In the 1980s and 1990s, the Environmental Protection Agency (EPA) began pursuing refineries, chemical plants, and other emissions-producing industries to institute leak detection and repair programs and to ensure that they were not under-reporting emissions. Companies that were found to be in violation were fined and issued consent decrees.

To ensure that they complied with regulations and help determine which valve manufacturers offered the best products to protect against leakage, end users and even some manufacturers developed their own testing methods and standards. These tests varied widely, however, rendering them unreliable.

Today, the EPA, International Organization for Standardization (ISO), and TA-Luft set the standards for emissions around the world. Here we detail API Standard 622, “Type Testing of Process Valve Packing for Fugitive Emissions.”

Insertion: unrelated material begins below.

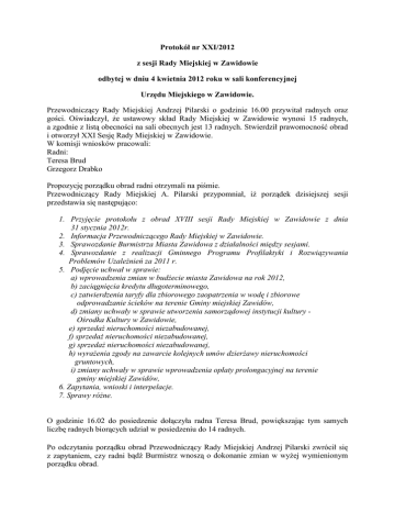 Protokół nr XXI/2012 z sesji Rady Miejskiej w Zawidowie odbytej w dniu 4 kwietnia 2012 roku w sali konferencyjnej Urzędu Miejskiego w Zawidowie. Przewodniczący Rady Miejskiej Andrzej Pilarski o godzinie 16.00 przywitał radnych oraz gości. Oświadczył, że ustawowy skład Rady Miejskiej w Zawidowie wynosi 15 radnych, a zgodnie z listą obecności na sali obecnych jest 13 radnych. Stwierdził prawomocność obrad i otworzył XXI Sesję Rady Miejskiej w Zawidowie. W komisji wniosków pracowali: Radni: Teresa Brud Grzegorz Drabko Propozycję porządku obrad radni otrzymali na piśmie. Przewodniczący Rady Miejskiej A. Pilarski przypomniał, iż porządek dzisiejszej sesji przedstawia się następująco: 1. Przyjęcie protokołu z obrad XVIII sesji Rady Miejskiej w Zawidowie z dnia 31 stycznia 2012r. 2. Informacja Przewodniczącego Rady Miejskiej w Zawidowie. 3. Sprawozdanie Burmistrza Miasta Zawidowa z działalności między sesjami. 4. Sprawozdanie z realizacji Gminnego Programu Profilaktyki i Rozwiązywania Problemów Uzależnień za 2011 r. 5. Podjęcie uchwał w sprawie: a) wprowadzenia zmian w budżecie miasta Zawidowa na rok 2012, b) zaciągnięcia kredytu długoterminowego, c) zatwierdzenia taryfy dla zbiorowego zaopatrzenia w wodę i zbiorowe odprowadzanie ścieków na terenie Gminy miejskiej Zawidów, d) zmiany uchwały w sprawie utworzenia samorządowej instytucji kultury Ośrodka Kultury w Zawidowie, e) sprzedaż nieruchomości niezabudowanej, f) sprzedaż nieruchomości niezabudowanej, g) sprzedaż nieruchomości niezabudowanej, h) wyrażenia zgody na zawarcie kolejnych umów dzierżawy nieruchomości gruntowych, i) zmiany uchwały w sprawie wprowadzenia opłaty prolongacyjnej na terenie gminy miejskiej Zawidów, 6. Zapytania, wnioski i interpelacje. 7. Sprawy różne. O godzinie 16.02 do posiedzenie dołączyła radna Teresa Brud, powiększając tym samych liczbę radnych biorących udział w posiedzeniu do 14 radnych. Po odczytaniu porządku obrad Przewodniczący Rady Miejskiej Andrzej Pilarski zwrócił się z zapytaniem, czy radni bądź Burmistrz wnoszą o dokonanie zmian w wyżej wymienionym porządku obrad. Zastępca Burmistrza Pan Robert Łężny wniósł o usuniecie z porządku obrad punktu „3. Sprawozdanie Burmistrza Miasta Zawidowa z działalności między sesjami” w związku z nieobecnością Burmistrza na sesji. Radna Bożena Szczygielska zauważyła, że jeśli Burmistrz Józef Sontowski jest nieobecny, to sprawozdanie powinien przedstawić Zastępca Burmistrza. Zastępca Burmistrza Pan Robert Łężny odpowiedział, że nie pełni obowiązków Burmistrza Miasta. Przewodniczący A. Pilarski poddał zgłoszony wniosek pod głosowanie. Rada Miejska w obecności 14 radnych, wstrzymujących się- 1, przyjęła ww. wniosek. w głosowaniu:/ za-11, przeciw-2, Przewodniczący A. Pilarski poinformował, iż po zmianie porządek obrad przedstawia się następująco: 1. Przyjęcie protokołu z obrad XVIII sesji Rady Miejskiej w Zawidowie z dnia 31 stycznia 2012r. 2. Informacja Przewodniczącego Rady Miejskiej w Zawidowie. 3. Sprawozdanie z realizacji Gminnego Programu Profilaktyki i Rozwiązywania Problemów Uzależnień za 2011 r. 4. Podjęcie uchwał w sprawie: a) wprowadzenia zmian w budżecie miasta Zawidowa na rok 2012, b) zaciągnięcia kredytu długoterminowego, c) zatwierdzenia taryfy dla zbiorowego zaopatrzenia w wodę i zbiorowe odprowadzanie ścieków na terenie Gminy miejskiej Zawidów, d) zmiany uchwały w sprawie utworzenia samorządowej instytucji kultury Ośrodka Kultury w Zawidowie, e) sprzedaż nieruchomości niezabudowanej, f) sprzedaż nieruchomości niezabudowanej, g) sprzedaż nieruchomości niezabudowanej, h) wyrażenia zgody na zawarcie kolejnych umów dzierżawy nieruchomości gruntowych, i) zmiany uchwały w sprawie wprowadzenia opłaty prolongacyjnej na terenie gminy miejskiej Zawidów, 5. Zapytania, wnioski i interpelacje. 6. Sprawy różne. 1. Przyjęcie protokołu z obrad XVIII sesji Rady Miejskiej w Zawidowie z dnia 31 stycznia 2012r. Przewodniczący A. Pilarski poprosił o wnoszenie uwag do protokołu nr XVIII z sesji Rady Miejskiej z dnia 31 stycznia 2012r. Wobec braku uwag do protokołu Przewodniczący A. Pilarski poddał pod głosowanie projekt protokołu nr XVIII z sesji Rady Miejskiej z dnia 31 stycznia 2012r. Rada Miejska w obecności 14 radnych, wstrzymujących się- 0, przyjęła ww. protokół. w głosowaniu:/ za-14, przeciw-0, 1. Informacja Przewodniczącego Rady Miejskiej w Zawidowie. Przewodniczący Rady A. Pilarski poinformował, iż od dnia 10 do 31 marca br. przebywał na leczeniu uzdrowiskowym i tym samym przekazał na piśmie pełnienie obowiązków Przewodniczącego Wiceprzewodniczącej Rady Miejskiej Pani Gabrieli Micińskiej. Przewodniczący Rady A. Pilarski poinformował o pismach wpływających do Biura Rady Miejskiej: - pismo Przewodniczącego Rady Rodziców Przedszkola Publicznego w Zawidowie Pana Mariusz Drożdża w sprawie zaproszenia na spotkanie w Zespole Szkół dotyczące klas zerowych, które mają być zorganizowane w szkole. Przewodniczący A. Pilarski oznajmił, iż spotkanie odbyło się 16 marca br. w którym brali udział niektórzy radni, Zastępca Burmistrza Robert Łężny, Sekretarz Miasta Marcin Rogacki oraz Kierownik Stanu Cywilnego Pani Barbara Męrdek – Rutowicz. Radna Gabriela Micińska oznajmiła, iż doszły ja słuchy odnośnie zamknięcia poradni „K” w zawidowskiej przychodni i tą sprawą zajęła się Komisja Oświaty, Kultury, Zdrowia i Sportu. Informacja zwrotna jest taka, że poradnia „K” będzie czynna raz w tygodniu. Radna G. Micińska zadała pytanie, co było powodem zamknięcia poradni „K”. Sekretarz Miasta Marcin Rogacki wyjaśnił, iż nie był podpisany kontrakt z NFZ-em z uwagi na fakt, że w przychodni brakowało bidetów. Dyrektor SPZOZ Pani Zofia Barczyk przygotowała program naprawczy, dzięki któremu uzyskała zgodę na funkcjonowanie poradni „K”.

API Standard 622: Valve Packing

The valve packing standard API 622, which was revised most recently in 2011, is the industry standard for determining whether valve packing is sufficient to prevent or abate emissions leaks. Set by the American Petroleum Institute, the test evaluates three areas of the packing:

  • Emissions, or leak rate
  • Resistance to corrosion
  • Materials

To ensure test uniformity, the standard dictates that every test rig mimics a 4-inch 300-pound gate valve. For accurate results, it’s important to use the most current version of the standard.


The emissions portion of API 622 is not a pass/fail test. Rather, it measures valve performance—how many thermal cycles the valve can withstand before emissions exceed the allowable rate of 500 ppm. An emission rate below 500 ppm is considered low, although many manufacturers hold themselves to an internal standard of 100 or 200 ppm during this test.

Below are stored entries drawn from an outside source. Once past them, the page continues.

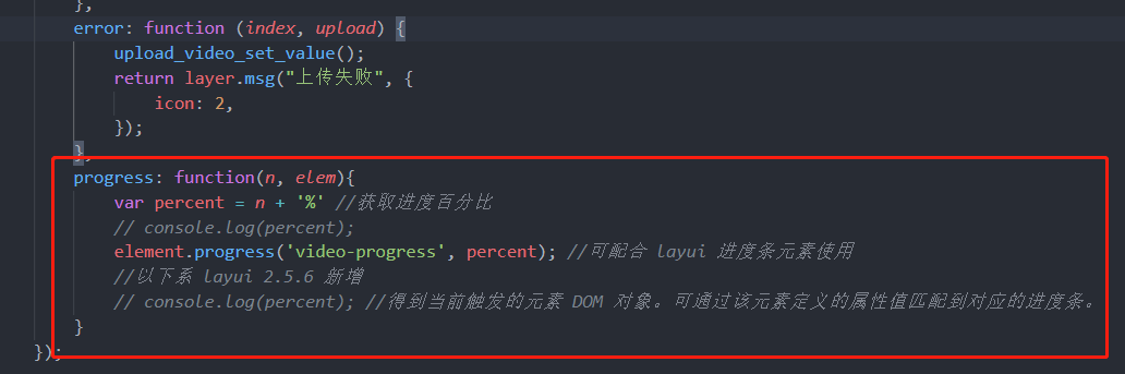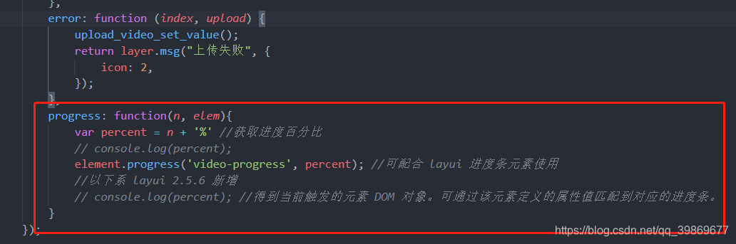 上传视频属于大文件上传了,总不可能吧进度条干掉吧,于是经过一番查询得知:
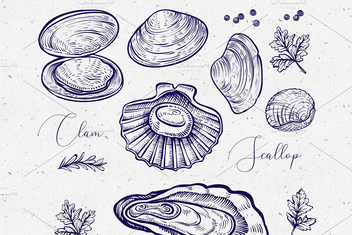 Vector sketch of Shellfish & Oysters | Graphic Objects ~ Creative Market
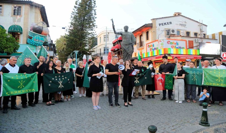 Antalya Çerkes Derneği ve dernek üyeleri, 21 Mayıs 1864 Çerkes Soykırımı ve Sürgünü Anma Günü nedeni ile Attalos Heykeli önünde basın açıklaması yaptı. Ellerinde Çerkes ve Türk bayrakları bulunan grup Çerkezce ve Türkçe olarak yaptıkları basın açıklamasında Çerkezlerin, Çarlık Rusya’sına karşı yüzyıldan fazla süren özgürlük savaşının 21 Mayıs 1864’te kesin olarak kaybedildiğini belirtti. Grup üyeleri adına konuşan Şevval Cankat, “21 Mayıs 1864’te kesin olarak kaybettik. Anavatanımız Çerkesya işgal edildi; halkımız kadın, çocuk, yaşlı demeden tarihi vatanımız Çerkesya’dan sürüldü; köylerimiz, ekinlerimiz, bahçelerimiz ateşe verildi; Çerkesya haritalardan silindi” dedi.
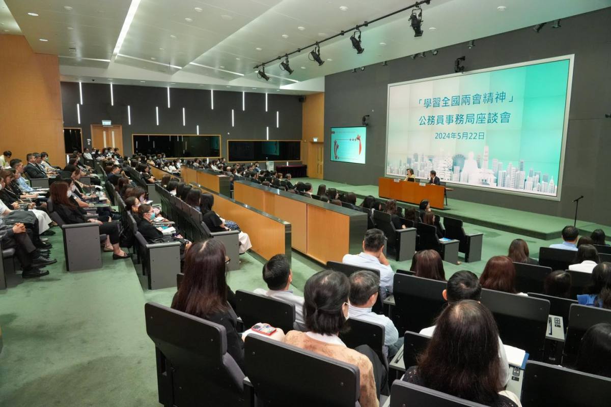 【點新聞報道】公務員事務局今日(22日)在政府總部舉行「學習貫徹2024年全國兩會精神」座談會,超過270人出席。公務員事務局局長楊何蓓茵在座談會上分享對今年兩會的兩個關鍵詞「新質生產力」及「高質量發展」的想法,希望公務員認真學習有關概念的重要內涵和背後思路,結合自身工作範疇,不斷增強香港的發展動能。
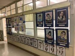 廊下には、カラフルな色遣いの作品が並び、にぎやかになってきています。

The emissions testing takes 6 days, during which 1500 cycles are completed. The first 5 days involve thermal actuation cycles. Day 1 includes 150 cycles at ambient temperature, followed by 150 cycles at 500°F. Everything is allowed to cool overnight, and the process is then repeated once daily for 5 more days.

If the packing continues to pass through day 5—proving that it can withstand a significant amount of stress—the process is repeated on day 6. The last thermal cycle on day 6 is followed by 10 more cycles at ambient temperature.

Because methane gas is used, the test is run outdoors. The leak detection method used is EPA method 21, which is employed in a number of valve standards and ensures consistency across tests. Leakage is measured with the valve stem in a stationary position. The test allows for 1 re-torque. That is, if the valve exceeds the allowable leakage of 500 ppm (or the set internal rate), the gland bolts can be re-torqued and the gland load reapplied one time. Typically, this allows the leak rate to come down to a safe emissions level and the test can continue.


The corrosion portion of the test is conducted in a different test rig than the emissions portion. It is a time-based, observational test; it is not pass/fail. Its purpose is to identify how much pitting occurs in the metal (which is based on how much the packing sticks to the stem) as well as the general condition of the packing.

To conduct the test, the packing is soaked and compressed to 30,000 megapascals and left to sit wrapped around a piece of metal. Different metals can be tested to see how the packing will affect different valve stems.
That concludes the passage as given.